* What is being asked
Output only the lines below from the one holding "(ESA & NASA) ![]() | |||||||||||||||||||||||||||||||||||||||" down to the one holding "ص ...... س .................................. المطبوع", both end lines included and every picture dropped.
== == ==
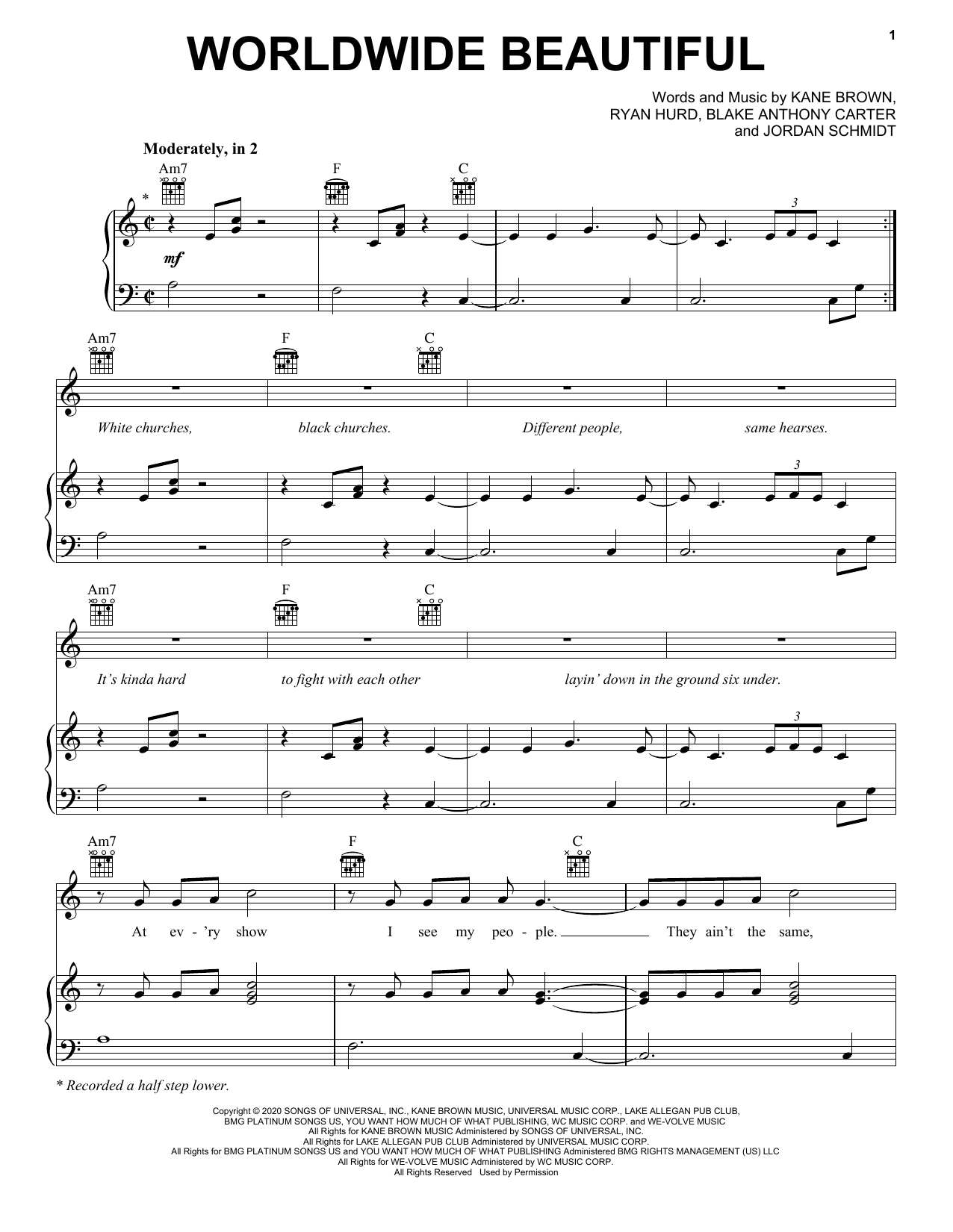 Download or print Kane Brown Worldwide Beautiful sheet music, chords and digital score arranged for Piano, Vocal & Guitar Chords (Right-Hand Melody). This Pop score includes 7 page(s).
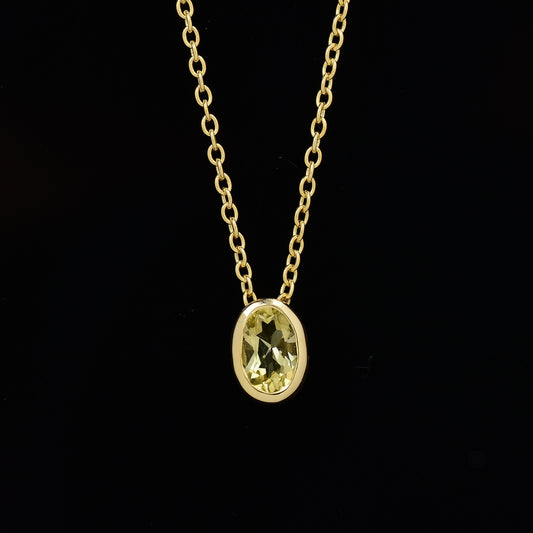 Oval Cut Lemon Quartz Solitaire Necklace
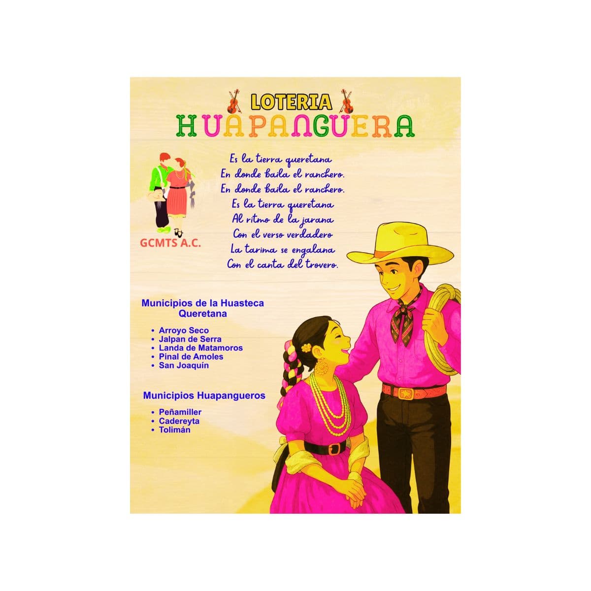 La lotería huapanguera está inspirada en la música, la danza y la poesía de la región Huasteca, con cartas que representan instrumentos tradicionales, huapangueros, bailadores, versos, fandangos y símbolos del paisaje serrano.
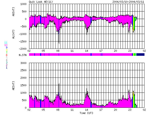 ACEが観測した太陽風の磁場(1番上の枠、白線は全体の強度、赤線は南北成分) および、太陽風の密度(3番目の橙線)、速度(4番目の黄線) (c) NOAA/SEC ![]() 沖縄の磁場擾乱 下へ下がるほど、擾乱が発達している事を意味します。 (c) CRL ![]() リアルタイムAE指数 下段のAEグラフの値が高くなると、オーロラ活動が活発化しています。 (c) 京都大学, CRL ![]() SOHO衛星のMDIカメラによる太陽黒点 (c) SOHO (ESA & NASA) ![]() | |||||||||||||||||||||||||||||||||||||||
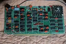 The Processor Technology VDM-1, for Video Display Module, was the first video card for S-100 bus computers.[1] Created in 1975, it allows an S-100 machine to produce its own display, and when paired with a keyboard and their 3P+S card, it eliminates the need for a separate video terminal. Using a 7 x 9 dot matrix and ASCII characters, it produces a 64-column by 16-row text display.
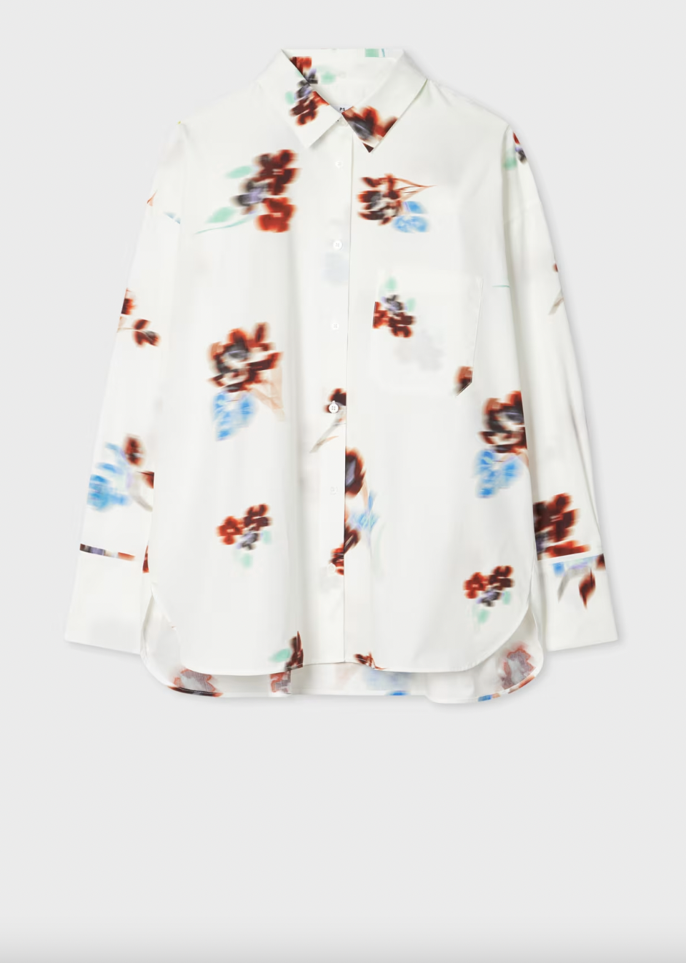 Made in Portugal from a soft, organically grown cotton, this long-sleeved shirt features the seasonal 'Hazy Floral' print throughout. The shirt is cut in a relaxed fit that provides a loose, comfortable silhouette, complemented with slightly exaggerated cuffs and a patch pocket to the chest.
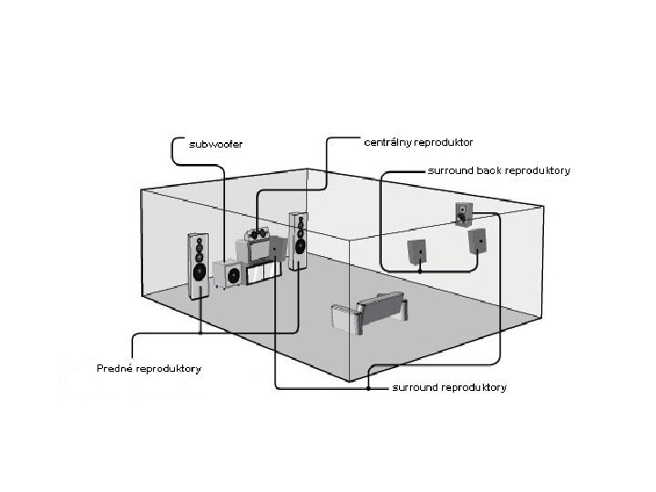 Reproduktory • Najsledovanejším parametrom je výkon, najvhodnejší materiál je drevo alebo MDF dosky • Umiestnenie reproduktorov: Ľavý a pravý predný reproduktor by mali stáť pri postranných stenách a vo výške hlavy. Peedný center v rovnakej výške ako ľavý a pravý, nie pred nimi. Ľavý a pravý zadný satelit umiestniť za miesto, kde budete sedieť. Subwoofer na miesto, kde budú najlepšie počuť basy.
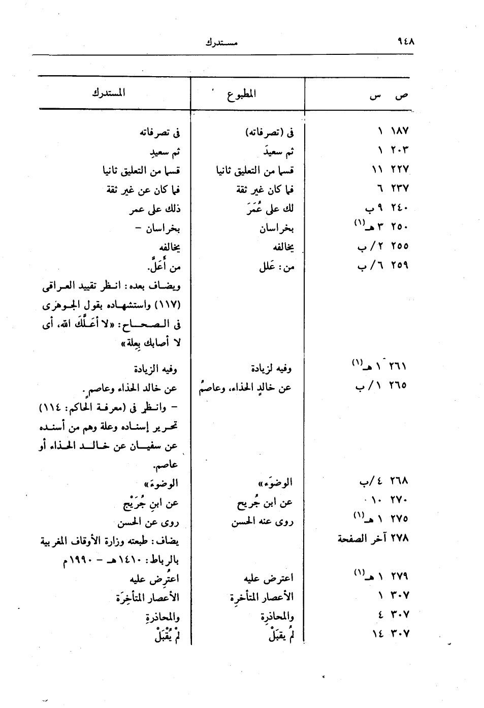 ص ...... س .................................. المطبوع ................................ المستدرك
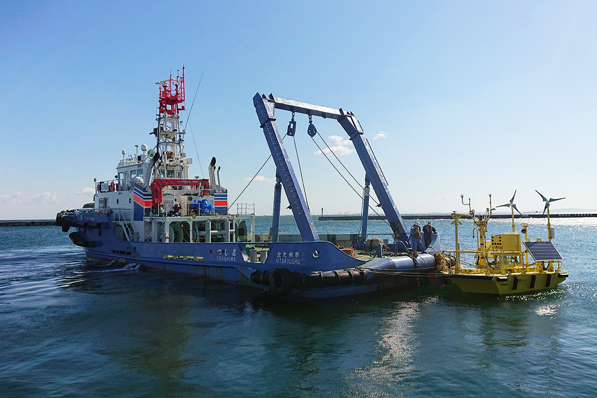 In recent years, demand for offshore wind power has surged due to global efforts to reduce carbon emissions. We have provided support for various offshore wind-related projects, including 3D acoustic surveys, towing of Self-Elevating Platform (SEP) vessels, and route clearing work to remove abandoned fishing gear and debris from the seafloor prior to the installation of subsea power cables. In terms of specific projects, a Dokai vessel towed the SEP vessel used for the installation and removal of wind turbines at a demonstration site off the coast of Hibikinada, Kitakyushu City.
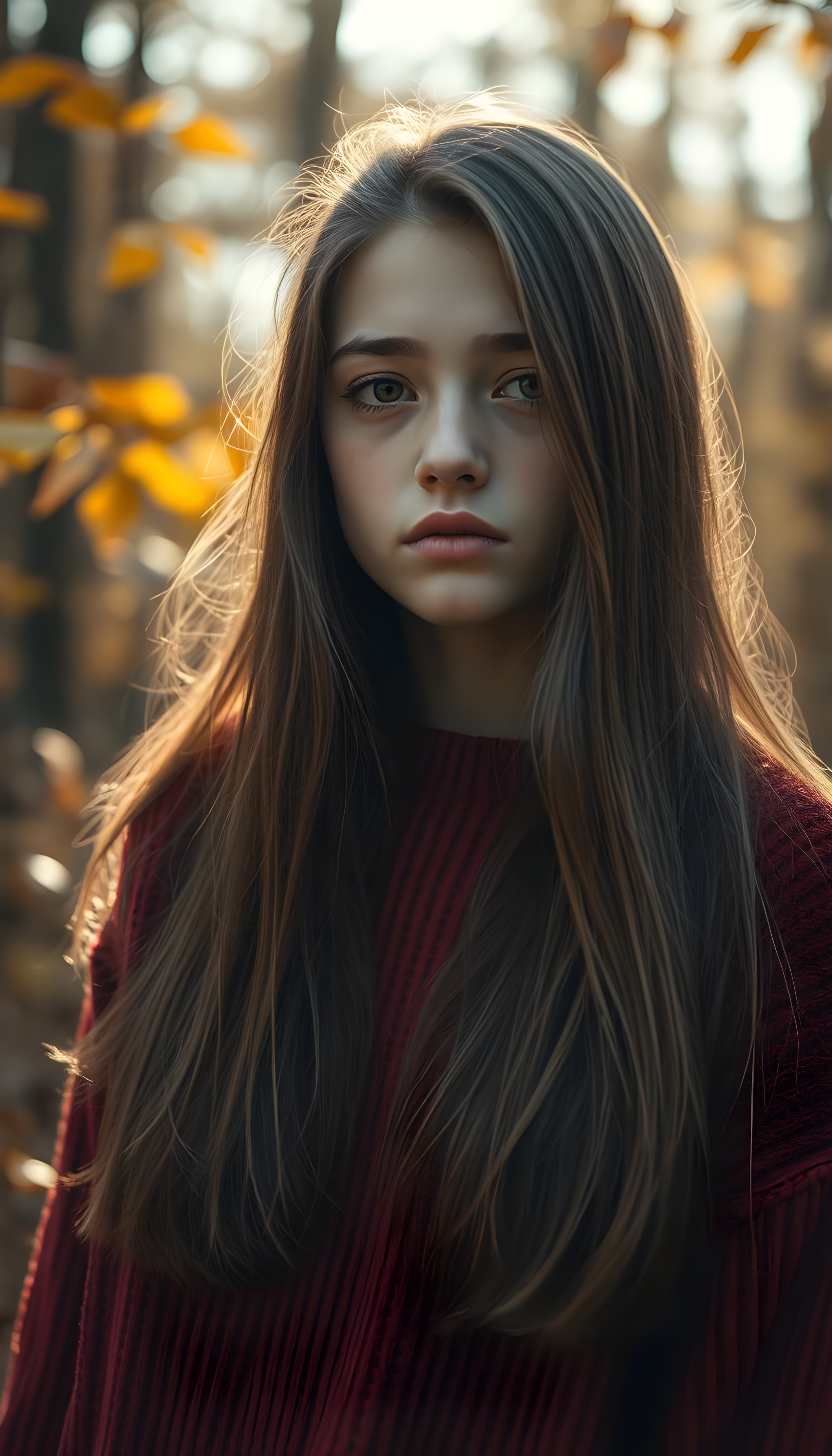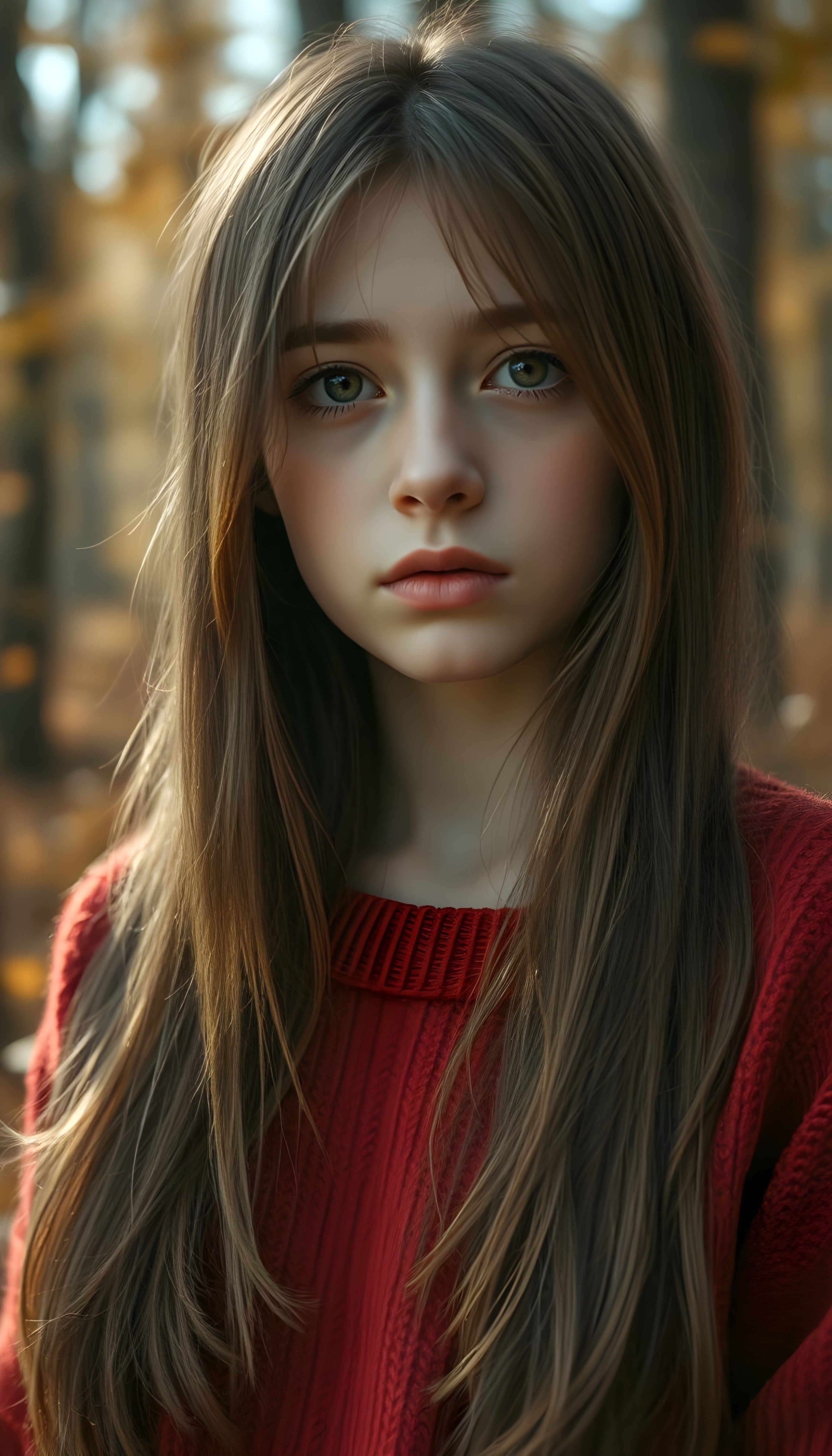 upper body photo from a young girl, with a sad expression and full plump lips, stands in an autumn forest. She has soft, long straight hazelnut brown hair with golden highlights. She is wearing a cozy red sweater, and her amber eyes are filled with tears. The forest around her is filled with colorful leaves, and the sky is filled with soft sunlight.
== == ==
* Solved exercise
 ACEが観測した太陽風の磁場(1番上の枠、白線は全体の強度、赤線は南北成分) および、太陽風の密度(3番目の橙線)、速度(4番目の黄線) (c) NOAA/SEC ![]() 沖縄の磁場擾乱 下へ下がるほど、擾乱が発達している事を意味します。 (c) CRL ![]() リアルタイムAE指数 下段のAEグラフの値が高くなると、オーロラ活動が活発化しています。 (c) 京都大学, CRL ![]() SOHO衛星のMDIカメラによる太陽黒点 (c) SOHO (ESA & NASA) ![]() | |||||||||||||||||||||||||||||||||||||||
 The Processor Technology VDM-1, for Video Display Module, was the first video card for S-100 bus computers.[1] Created in 1975, it allows an S-100 machine to produce its own display, and when paired with a keyboard and their 3P+S card, it eliminates the need for a separate video terminal. Using a 7 x 9 dot matrix and ASCII characters, it produces a 64-column by 16-row text display.
 Made in Portugal from a soft, organically grown cotton, this long-sleeved shirt features the seasonal 'Hazy Floral' print throughout. The shirt is cut in a relaxed fit that provides a loose, comfortable silhouette, complemented with slightly exaggerated cuffs and a patch pocket to the chest.
 Reproduktory • Najsledovanejším parametrom je výkon, najvhodnejší materiál je drevo alebo MDF dosky • Umiestnenie reproduktorov: Ľavý a pravý predný reproduktor by mali stáť pri postranných stenách a vo výške hlavy. Peedný center v rovnakej výške ako ľavý a pravý, nie pred nimi. Ľavý a pravý zadný satelit umiestniť za miesto, kde budete sedieť. Subwoofer na miesto, kde budú najlepšie počuť basy.
 ص ...... س .................................. المطبوع ................................ المستدرك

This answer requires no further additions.